§ **ACTIVITY**:
Set the data down again, exactly as it reads, but without the pictures.

§ **RAW DATA**:
# # # # #
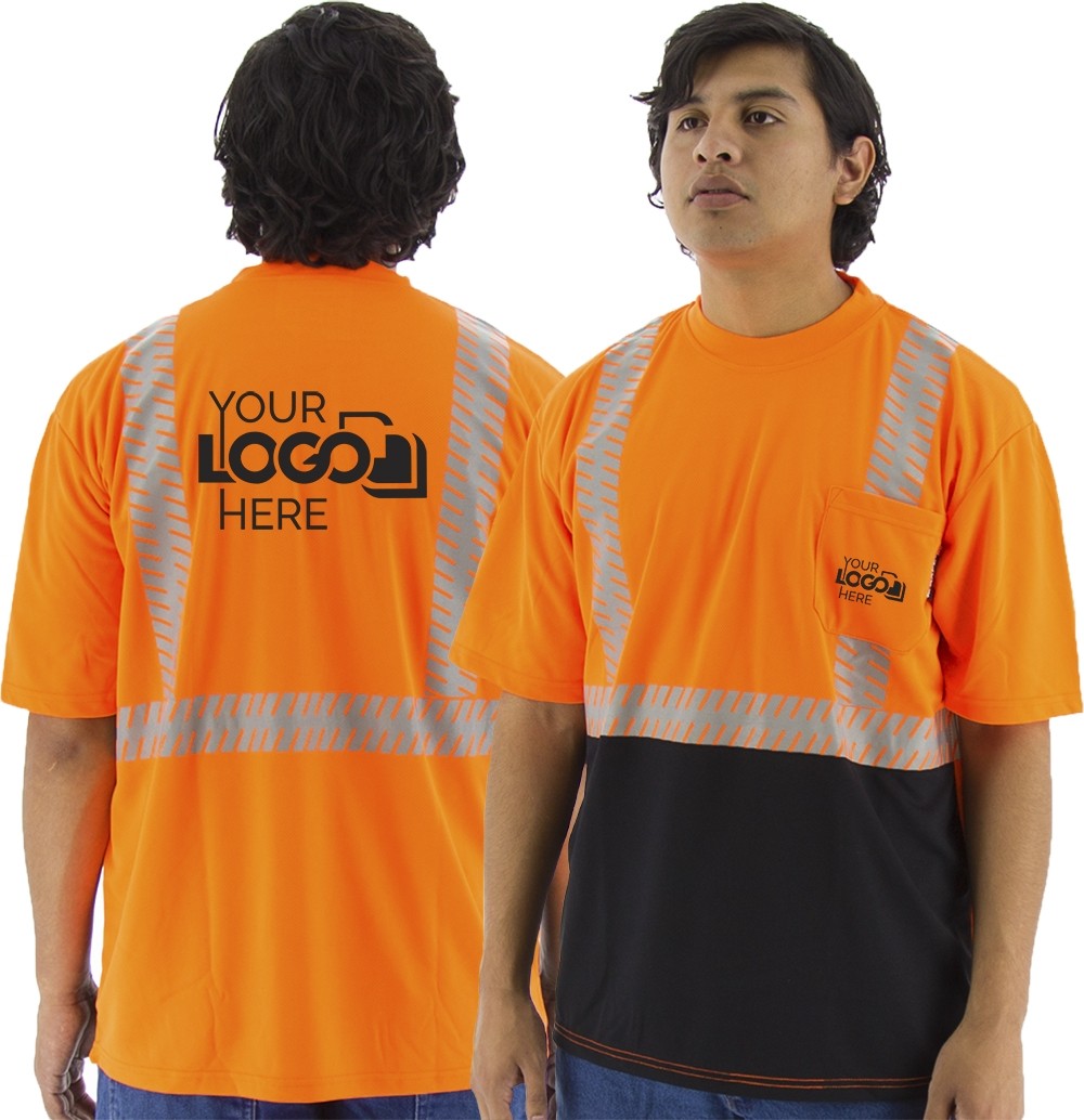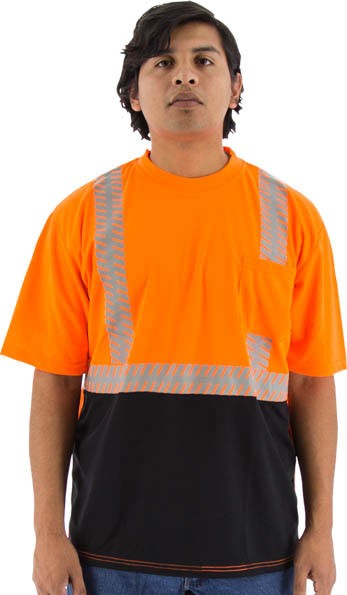 Majestic® 75-5216 Class 2 High Visibility Orange/Black Short Sleeve T-Shirt with Reflective Chainsaw Striping
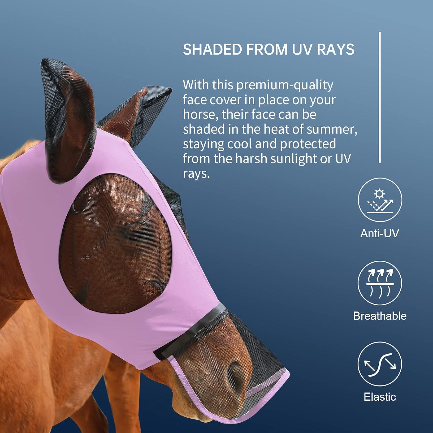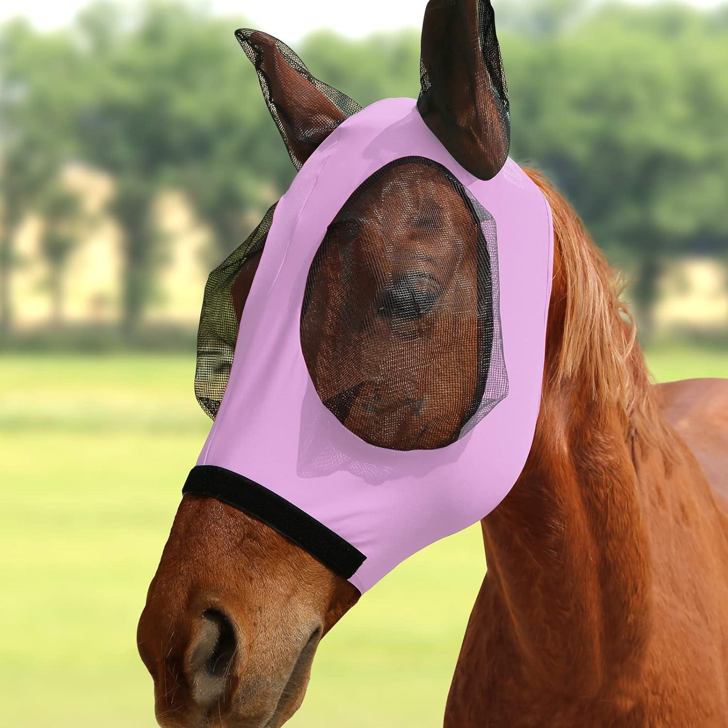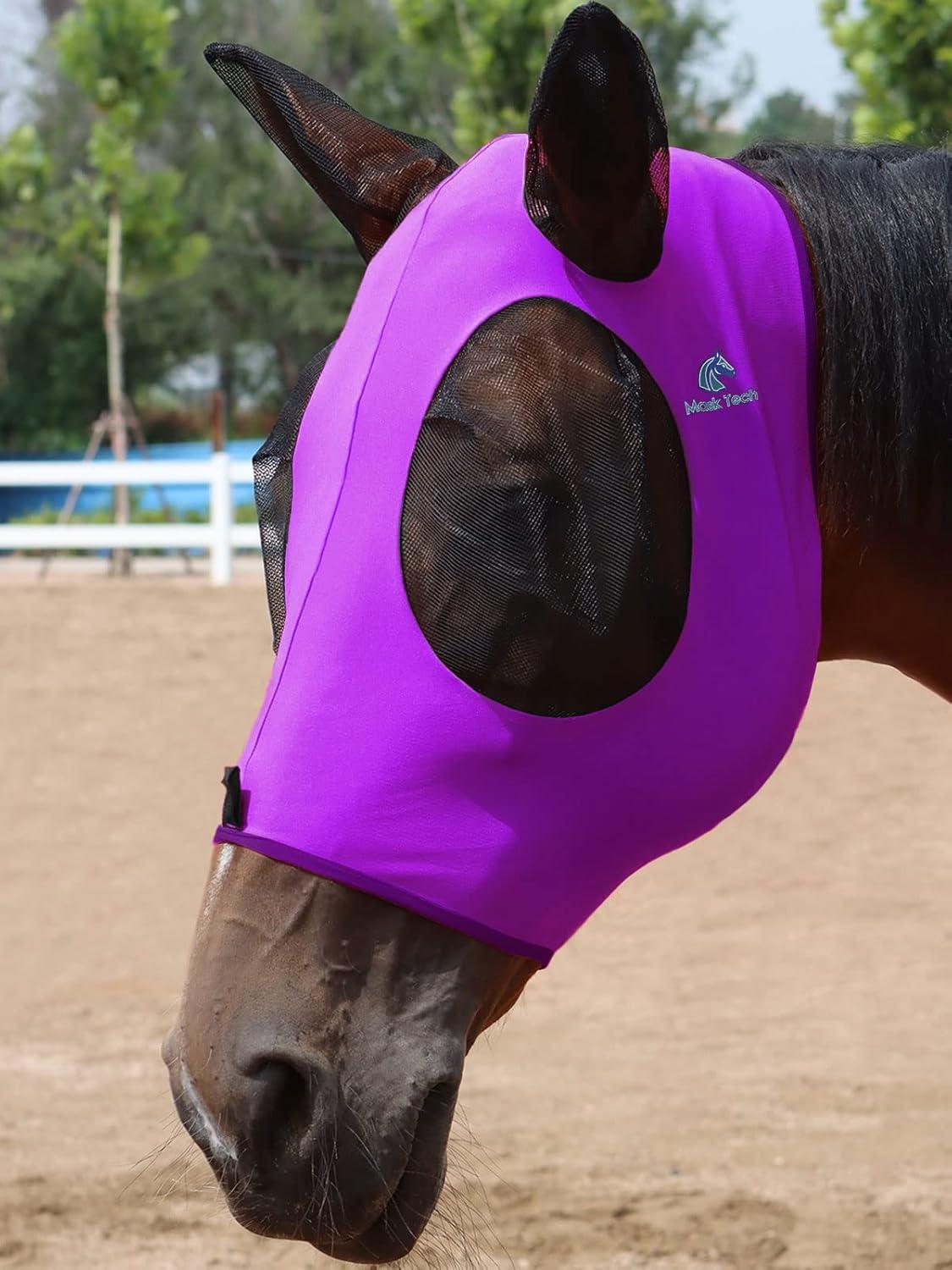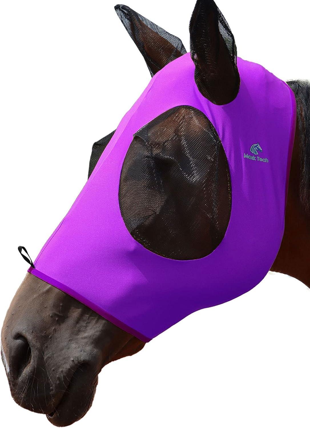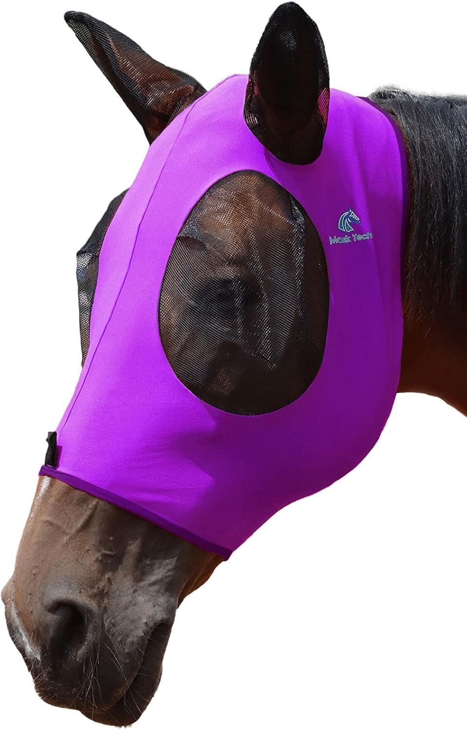 Mask Tech Horse Fly Mask Elasticity Breathable Fabric with UV Protection Soft Mesh for Horse Entwined Straps L(Amethyst)
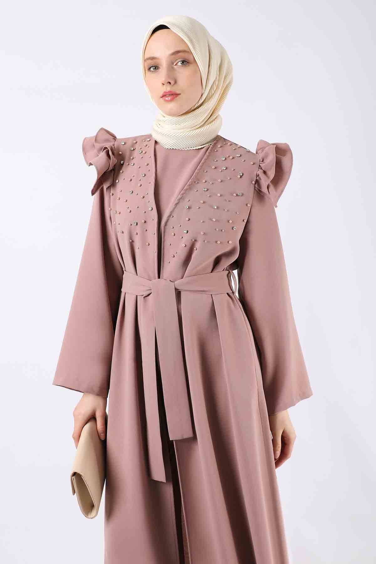 İnci İşlemeli Abaya Takım Gül Kurusu
# # # # #
§ **ANSWER SECTION**:
 Majestic® 75-5216 Class 2 High Visibility Orange/Black Short Sleeve T-Shirt with Reflective Chainsaw Striping
 Mask Tech Horse Fly Mask Elasticity Breathable Fabric with UV Protection Soft Mesh for Horse Entwined Straps L(Amethyst)
 İnci İşlemeli Abaya Takım Gül Kurusu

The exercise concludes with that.